La France avait seulement suggéré au Roi d’écourter son séjour en France et de rentrer d’urgence au Maroc. Le tandem Nixon-Kissinger savait tout. Puis vint l’apurement des comptes: la fermeture de la base américaine de Kénitra, en pleine Guerre froide; la marocanisation contre les intérêts français; l’envoi d’un contingent en Egypte et en Syrie pour punir Israël et calmer les tenants du nationalisme arabe au Maroc. Si le Roi expliqua l’échec de la première tentative (1971) en disant que c’était un coup d’Etat de sous-développés, il s’abstint de ce genre de commentaires en 1972.
La menace devenait plus concrète. Ceux qui l’ont bien connu savent qu’il ne croyait ni aux coïncidences ni au hasard; ce serait donc lui faire injure de supposer que les effets de ses décisions n’étaient pas voulus par lui; et si on jugeait son action selon ce déterminisme absolu, on dirait que son action produisit les tentatives de coups d’Etat, de même que son action lui permit de les surmonter. Si l’on se tient à ce déterminisme absolu, on peut avancer que le Roi connaissait les risques de sa politique et les maîtrisait puisqu’il put défaire tous ses adversaires. Il put se passer de tous les représentants du nationalisme et gouverner seul; de même qu’il put se passer des hommes forts de l’armée et gouverner. Ce qui sauva finalement le pouvoir fut que ses ennemis, militaires ou civils, firent tous preuve de précipitation et avaient tous des vues hétérogènes quand ils déclaraient avoir le même adversaire.

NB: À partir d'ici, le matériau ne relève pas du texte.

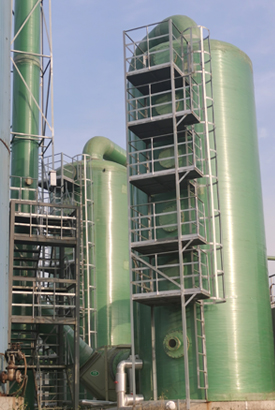 玻璃鋼洗滌塔:  玻璃鋼洗滌塔利用廢氣與液體的接觸,液體吸附污染物,再將清潔氣體與被污染的液體分離,達(dá)到凈化的目的。 簡易工作原理廢氣由填充式洗滌塔底部進(jìn)入,采用氣液逆向吸收方式,即帶洗滌液水自塔頂向下以霧狀或小液滴向下噴灑,通過多重氣、液接觸、相溶,將氣體里面的污染物分離出來...

L’extrême fragmentation sociopolitique ne manqua pas de se communiquer à l’action des adversaires du régime. La loi de nécessité à laquelle se conformait Hassan II se fondait sur cette réalité sociopolitique qu’il jugeait impossible à transcender autrement que par l’autocratie. Hassan II n’avait pas tort de minimiser les risques putschistes : son armée, comme il le dit lui-même, n’avait pas une homogénéité apte à créer un esprit de corps opérationnel (on l’a vu avec la guerre des clans au cours du coup de Skhirat), de même que les putschistes n’avaient pas un plan national de prise de pouvoir mais voulaient s’emparer de l’Etat en s’emparant de la personne du Roi.
C’était le reflet parfait de leur sentiment d’ancrage dans la société marocaine : ils ne la comprenaient pas et ne voulaient pas l’écouter; le civil était l’ennemi ; l’armée et la société se tournaient le dos et cela le Roi le savait aussi. En plus, cette armée avait un leadership ambivalent, les officiers coloniaux marocains étant divisés entre une allégeance au Roi et une identité française ou espagnole. Sur un plan stratégique, l’articulation avec les partis nationalistes ne peut cacher qu’Oufkir et ses alliés politiques agirent du point de vue militaire seul.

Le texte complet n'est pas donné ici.